Eduard ließ sich dies nicht zweimal sagen, er legte seinen Säbel hin, den er tapfer geschwungen hatte, um den Eisstücken die rechte Form zu geben, und holte sich mit einem Blechtopfe ebenfalls Thee aus dem Kessel. Eduard didn't need to be told twice, he put down his sabre, which he had swung bravely to give the pieces of ice the right shape, and also took tea from the kettle with a tin pot.
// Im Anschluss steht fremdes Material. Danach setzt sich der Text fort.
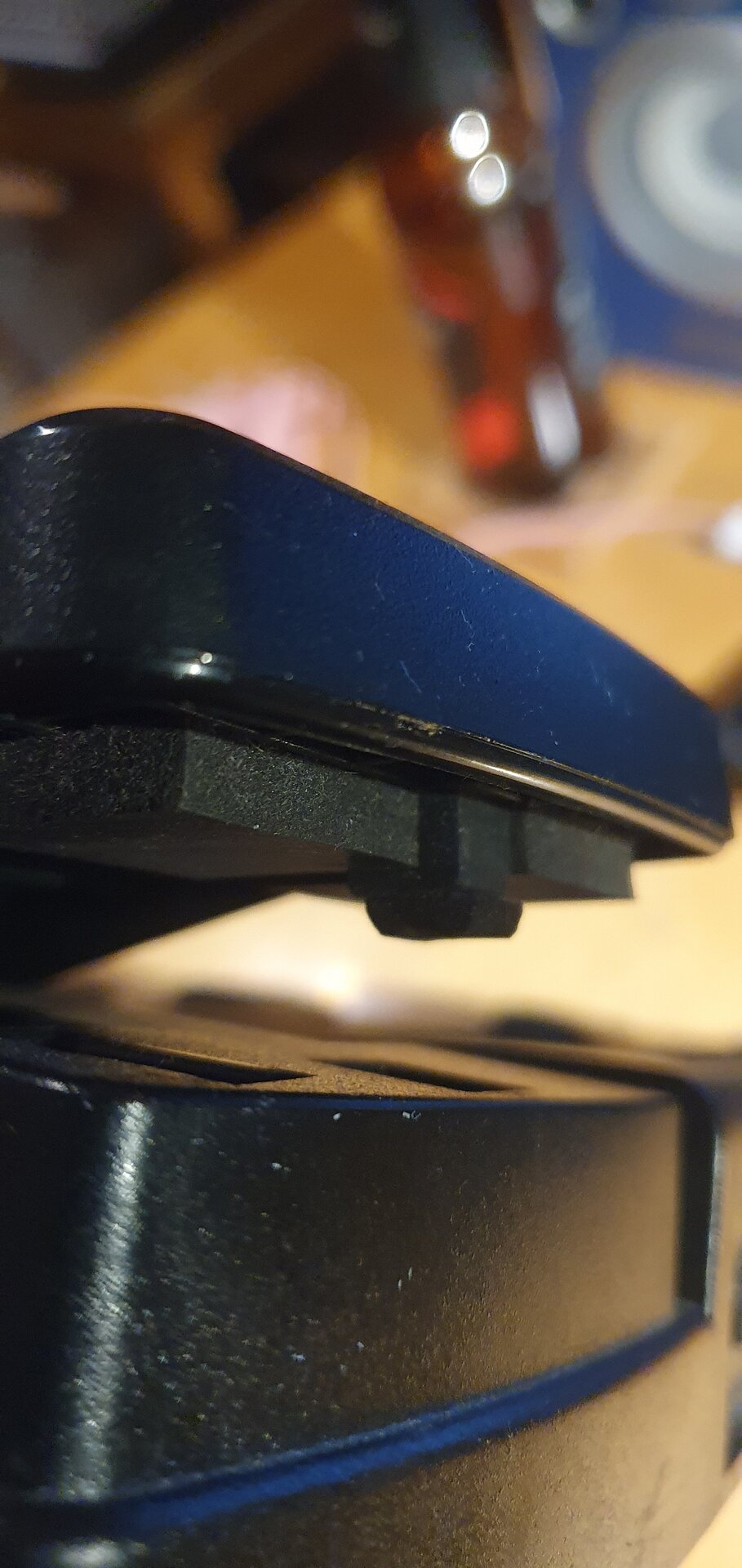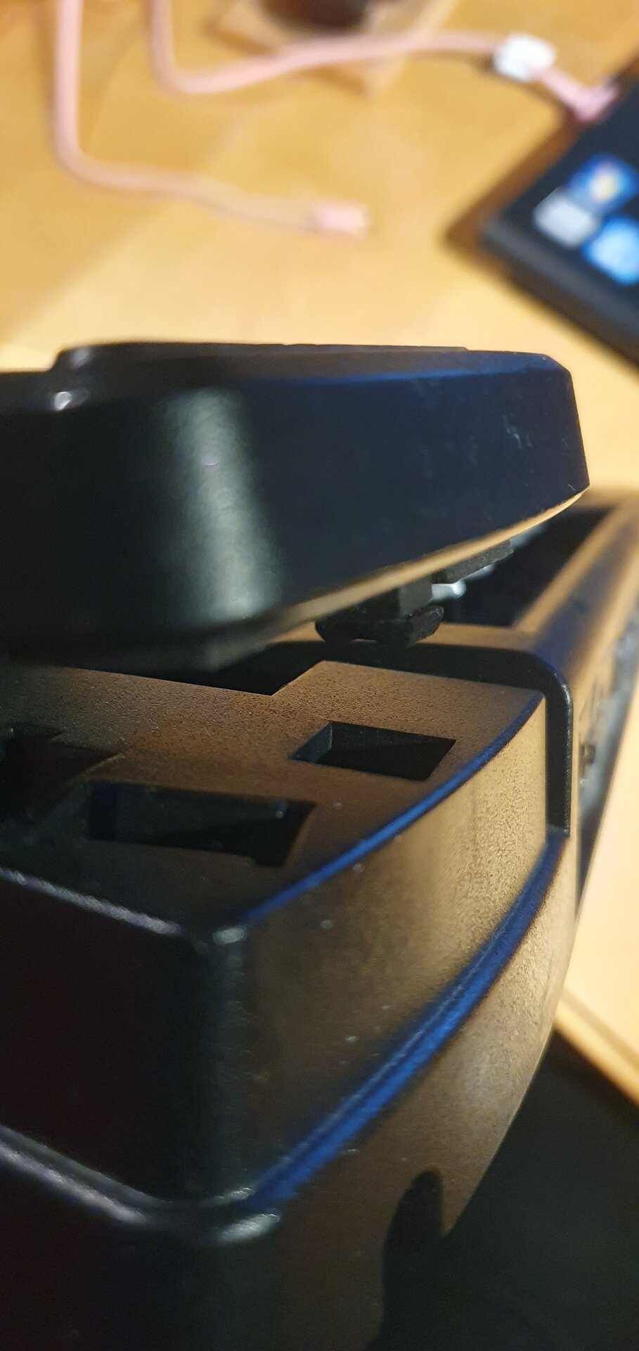 Zur Reparatur klebt man einfach ein dünnes Stückchen "Moosgummi" oder Möbel-Fuß-Gummi aus dem Baumarkt, passend zugeschnitten, unter den Betätigungs-Gummi-Block an der Unterseite vom Pedal, siehe 4. Foto.

Er fuhr damit zum Munde, doch sofort setzte er wieder ab, indem er brummte: »Dein Königstrank ist verteufelt heiß, aber ich will mir erst die Hände daran wärmen,« und er umklammerte den Topf mit seinen erstarrten Fingern. He brought it to his mouth, but immediately set it down again, muttering: "Your royal potion is devilish hot, but I want to warm my hands with it first," and he clutched the pot with his frozen fingers.

»Ist er dir zu heiß, mein Sohn, so lege einen kleinen Eisberg hinein, der wird schon für die nötige Kälte sorgen, Auswahl hast du ja genug.« "If it's too hot for you, my son, put a small iceberg in it, it will provide the necessary cooling, you have enough to choose from."